Elmina: land of gold, history and sh-t
Elmina recently was all over the news for “GOLD” reasons.
Fishermen abandoned their canoes. Women packed off from home.
Children started skipping school.
Everybody went digging on the shores, till the government decided to “pour sand into their gari”.
Now, when you’re caught with even a bottle of sand from the beach, you get fined five hundred Ghana cedis ($350). And the police are vigilant about.
I was quite impressed at the level of silence achieved by this policy. There was nobody digging. In fact, there was no evidence that the people had been digging sporadically on the beaches a few days ago.
It made me wander why the Government hadn’t done anything about the people who defecate on the beach.
In fact, as the gentleman I approached was busy debriefing me on the current state of the gold matters, full grown men were squatting on the rocks and shitting away their troubles without a care. Considering how many tourists Elmina attracts, this whole shitting on the beach business is a total eyesore.

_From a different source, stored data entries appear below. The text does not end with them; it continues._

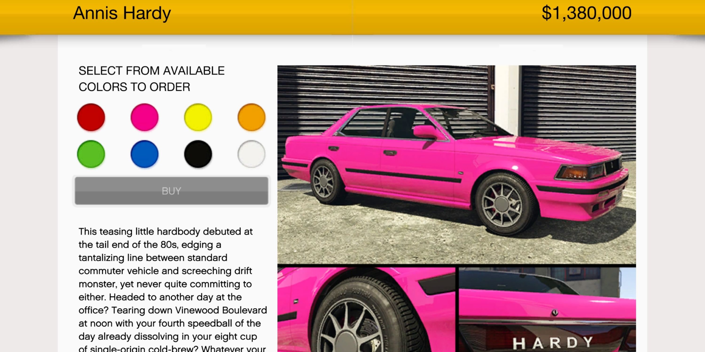 Annis 设计的一辆像样的 4 座车将允许玩家以平均速度和良好的跟踪穿过好麦坞大道 (Vinewood Boulevard) 及更远的地方,这使得一辆外观普通的汽车不应该花费太多,因为这不会是一辆在汽车比赛中炫耀的车辆。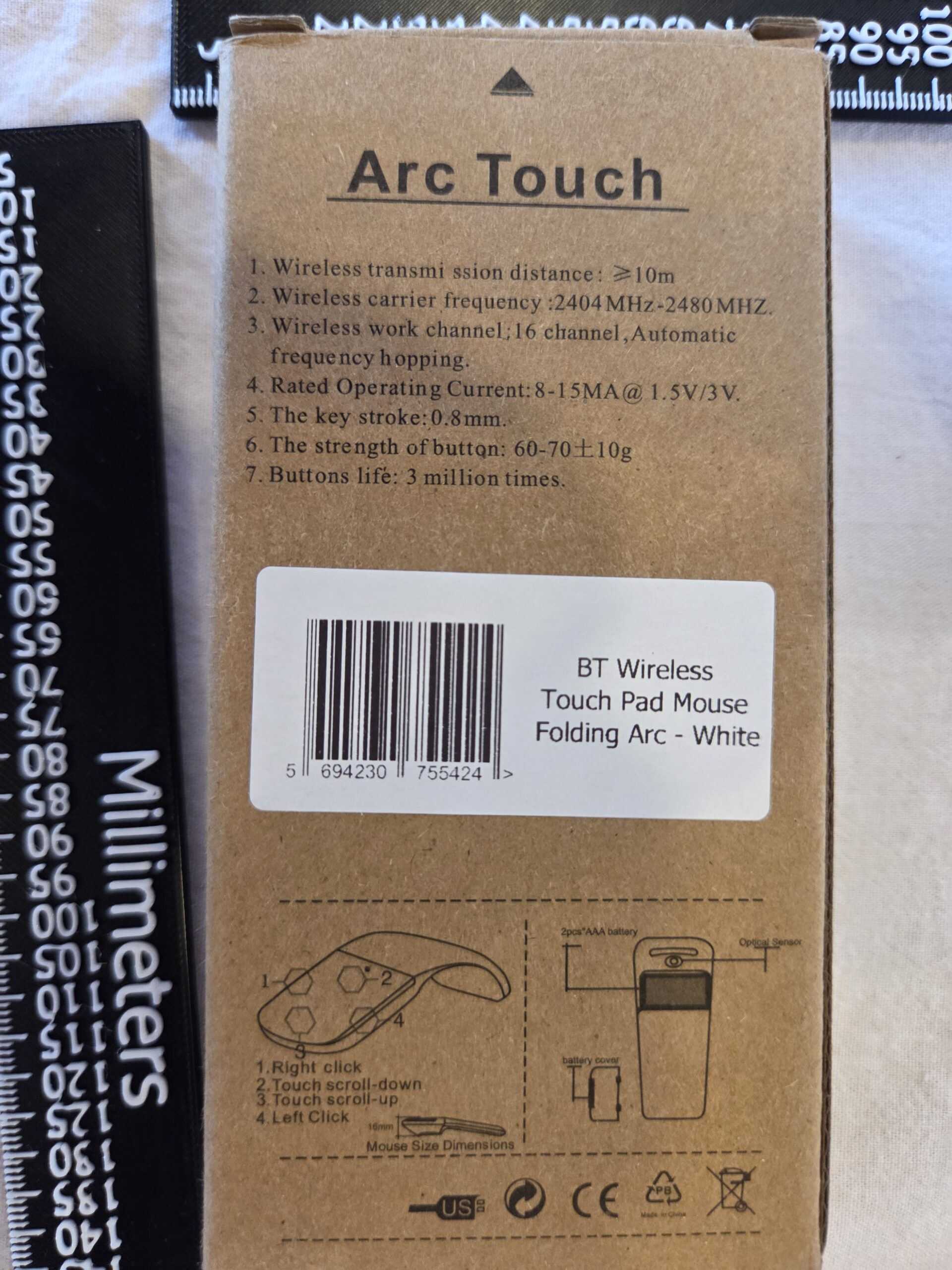 Bluetooth foldable arc mouse with touchpad scrolling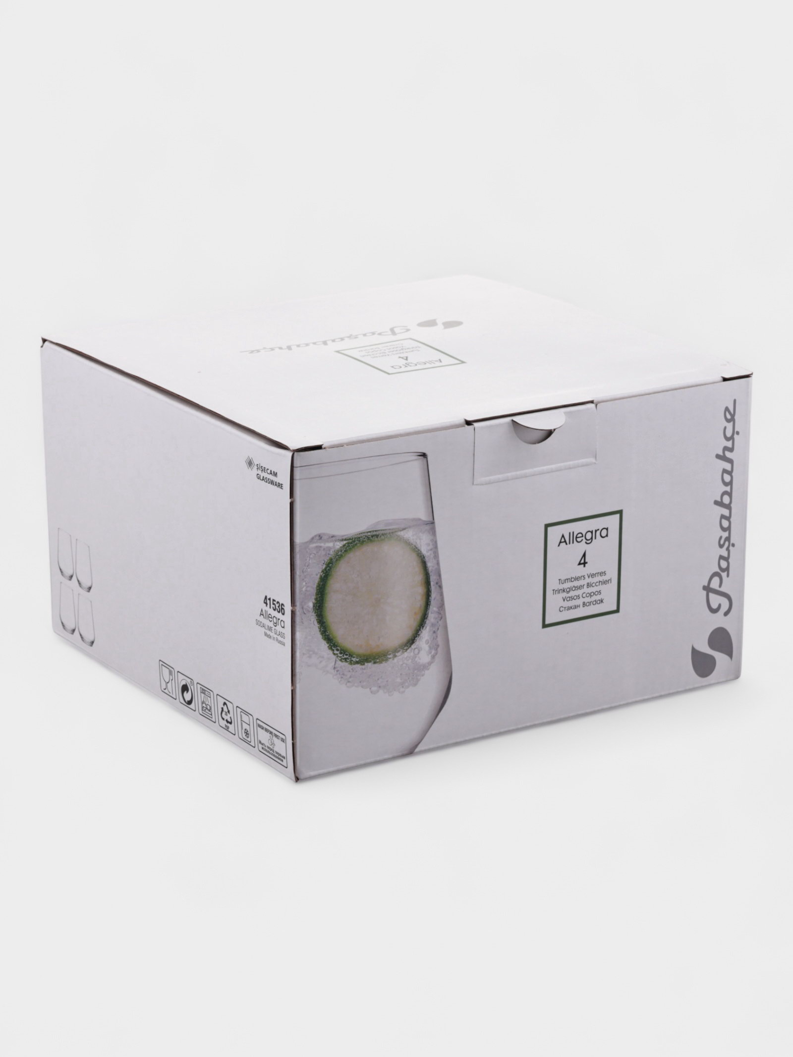 Стаканы "Аллегра", 425 мл, набор 4 шт., стекло, прозрачные, 425 мл., Pasabahce, Россия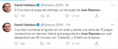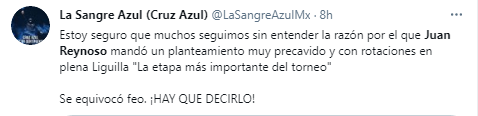 Es por ello que en redes sociales se desataron las críticas en contra del estratega de Cruz Azul, reclamándole sus ‘experimentos’ y las ahora cuestionadas rotaciones en plena Liguilla, justo cuando el equipo debería mandar a sus mejores hombres a la cancha para mantenerse con vida en la pelea por el título de la Liga MX.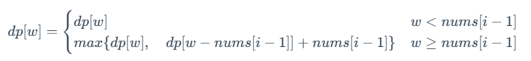 定义状态 dp[w]表示为:从数组 nums 中选择一些元素,放入最多能装元素和为 w 的背包中,得到的元素和最大为多少。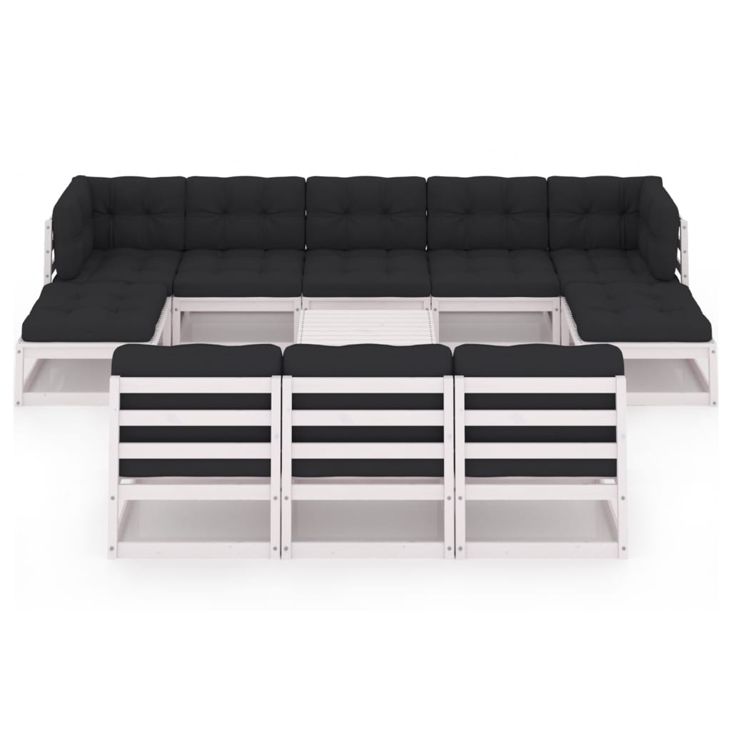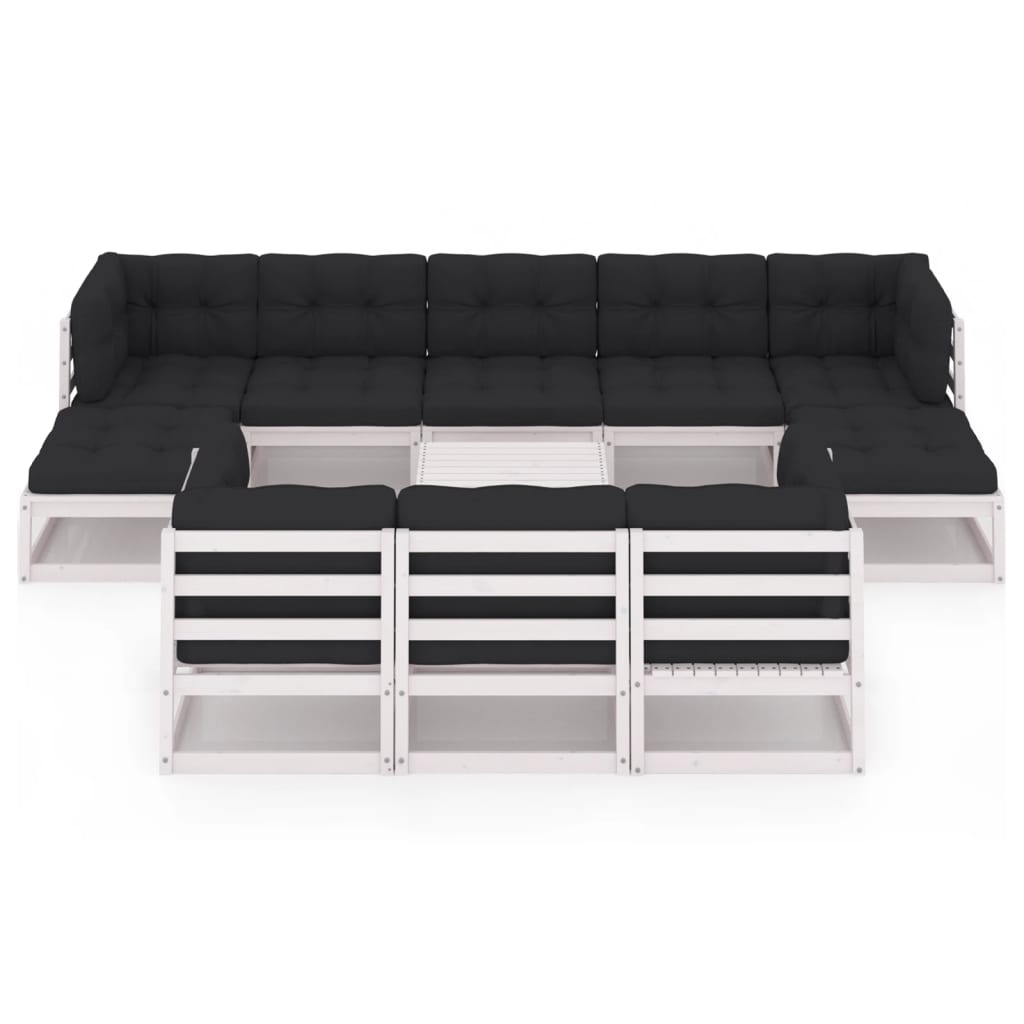 11-tlg. Garten-Lounge-Set mit Kissen Weiss Kiefer Massivholz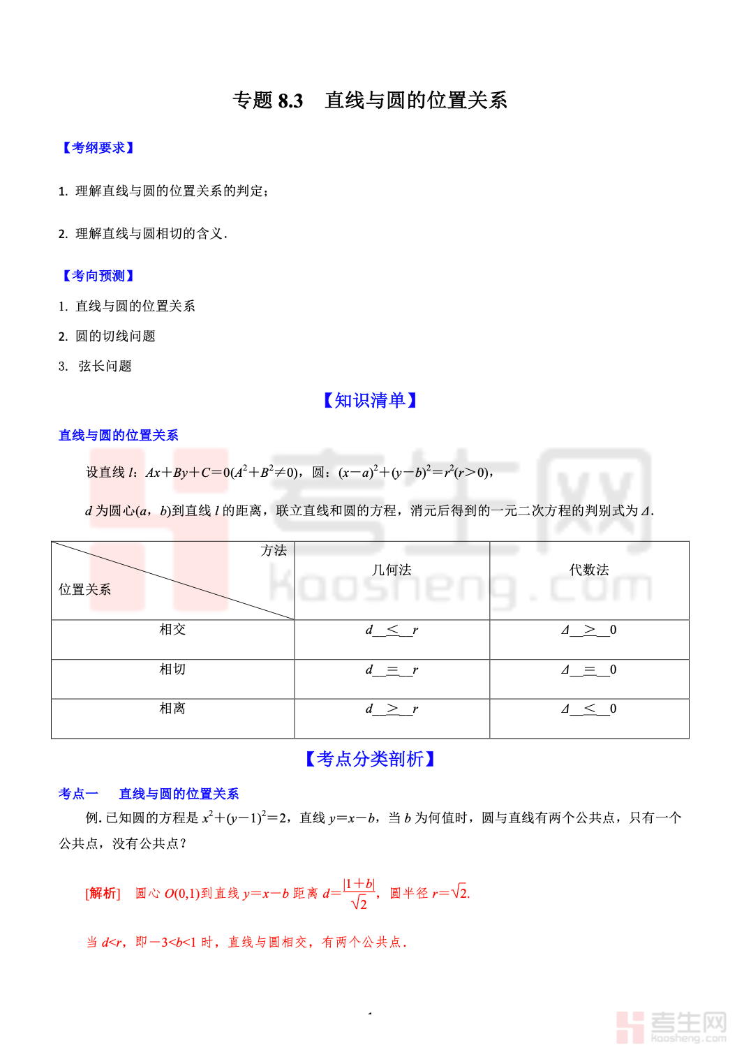 本资料为8.3 直线与圆的位置关系 高考数学一轮艺体生基础复习讲义(新高考)(教师版),专为艺体生一轮复习定制,紧扣新高考考纲,聚焦基础得分点。内容系统梳理直线与圆的三种位置关系判定方法、弦长公式、切线方程及最值问题等核心考点,侧重基础应用与通法讲解,简化复杂推理,难度适配艺体生复习需求。讲义包含知识点梳理、典型例题、分步解析、易错点警示及课堂配套练习,结构清晰、实用性强,便于教师开展针对性教学。助力艺体生快速掌握核心解题思路,夯实解析几何基础,提升一轮复习效率与应试得分能力,为高考数学备考筑牢关键根基。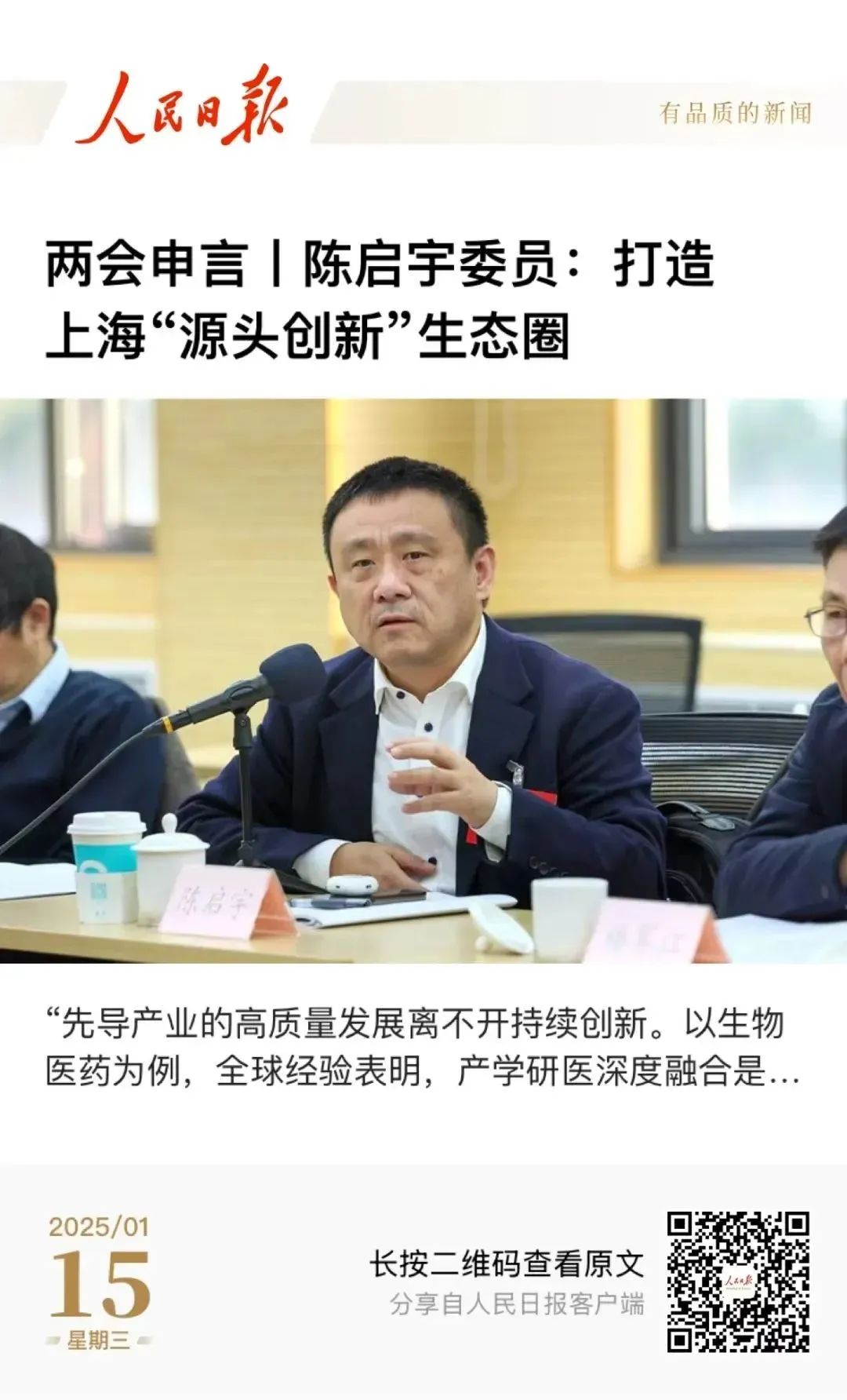 陈启宇:鼓励创新策源,助推上海生物医药产业高质量发展
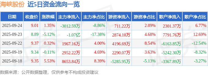 证券之星消息,截至2025年9月24日收盘,海峡股份(002320)报收于9.01元,上涨1.35%,换手率1.7%,成交量37.94万手,成交额3.4亿元。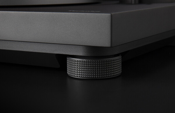 이 턴테이블의 플린스는 눈으로 보이는 것처럼 상급기와 제법 차이가 난다. 형태는 흔히 볼 수 있는 일반적인 직사각형의 판 형태로 되어 있으며, MDF 소재의 상판 아래에 합성수지의 하판이 결합된 모습이다. 물론 상위 모델처럼 높은 강도와 진동 제어를 위해 알루미늄 다이캐스트 섀시 안에 ABS와 유리 섬유가 혼합된 특수 소재가 들어 있는 구조는 아니지만, MDF 소재 자체가 가진 진동에 강한 특성이 이 턴테이블에 좋은 영향을 줄 것 같다. 당연히 MDF 소재 자체가 나쁜 것은 아니다. 대부분의 턴테이블이 이 소재를 사용하고 있다. 그리고 플린스 바닥에 있는 인슐레이터는 진동 저항성과 저소음을 위해 새롭게 튜닝되었으며, 회전시키는 방식으로 높이를 조절해 턴테이블의 수평을 맞출 수 있다. 더스트 커버는 SL-1200MK7같이 분리되는 것이 아니라 열리고 닫히는 일반적인 방식으로 되어 있다.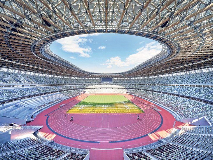 टाेकियाे : जपानमध्ये पुढील वर्षी हाेणाऱ्या टाेकियाे ऑलिम्पिकचे मुख्य स्टेडियम तयार झाले आहे. यात ८६ % लाकडाचा उपयाेग केला आहे. २००० घनमीटर देवदारच्या लाकडाचा वापर केला आहे. ही लाकडे २०११ च्या सुनामीमध्ये उद्ध्वस्त झालेल्या ४७ प्रांतातल्या जंगलातून आणण्यात आली आहेत. प्रेक्षक निसर्गाच्या सान्निध्यात राहावेत व त्यांना गर्मी हाेऊ नये असा उद्देश आहे. त्यासाठी येथे १८५ माेठे पंखे व ८ ठिकाणी कुलिंग नाेझलही लावले आहेत. ५ मजली स्टेडियम बांधण्यासाठी अंदाजे १० हजार काेटी रुपये खर्च आला. येथे ६० हजार प्रेक्षक बसू शकतील.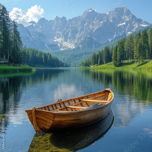Serene wooden rowboat floats on calm lake mirroring majestic mountains and lush forest.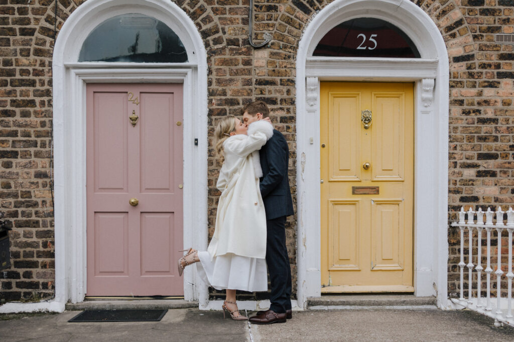 Dublin Registry Office is located right in between Grand Canal Dock and Dublin City Centre. There aren’t that many spots right on its doorstep but within a 10-min walk you can find a lot of beautiful locations. We usually start by taking a few photos with your family and witnesses right outside of the Registry Office. Then your guests can make their way to your reception venue while you can enjoy a bit of privacy and a walk around town.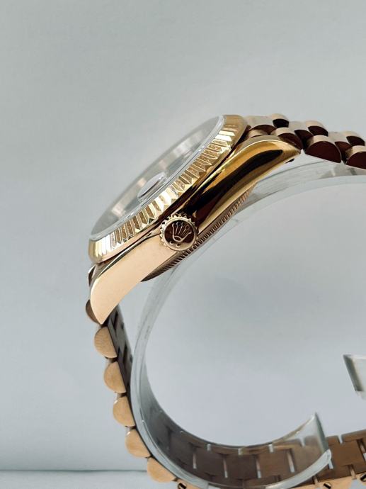 Nova, unisex, 5A+ (boljša od AAA+) REPLIKA Rolex Daydate. Ura ima vse originalne gravure na ohišju in na steklu, lasersko gravirano krono na 6. uri. Ura ima tudi garancijski list z NFC funkcijo ter edinstveno serijsko in referenčno številko (ref.128235).

My question to the chiefs and elders and leaders of Elmina; and even the government is, if you can stop people from digging gold on the beach, how come you haven’t been able to stop them from defecating there all these years?
My time in Elmina obviously wasn’t without drama.
After walking away from the shit-infected beach, I walked towards the soccer pitch. On my way, I saw what I thought was a nice photographic opportunity and lifted my camera to my face and started clicking.
A woman who was sitting in the shades, (I hadn’t seen her earlier), started calling me: “Breda O”, “Hey, Breda”, after getting my shot, I lifted my head to look at her. She, obviously pissed from being ignored, said: “So if just after photographing someone’s property without her consent, she makes you disappear like a genie, what will you say?” I thought she was joking till she followed her rhetorical question with that long, teeth-sucking-like, chuckle-like sound that Ghanaian women make when they are pissed. Without saying a word, I moved on to go look for a less resistant victim.
I pretty much stayed at the beach for most of the time taking photos because it is the part of the community that is threatened by the new gold find.
I spent part of my childhood running and playing on this shore… and I don’t know for how long it will be there.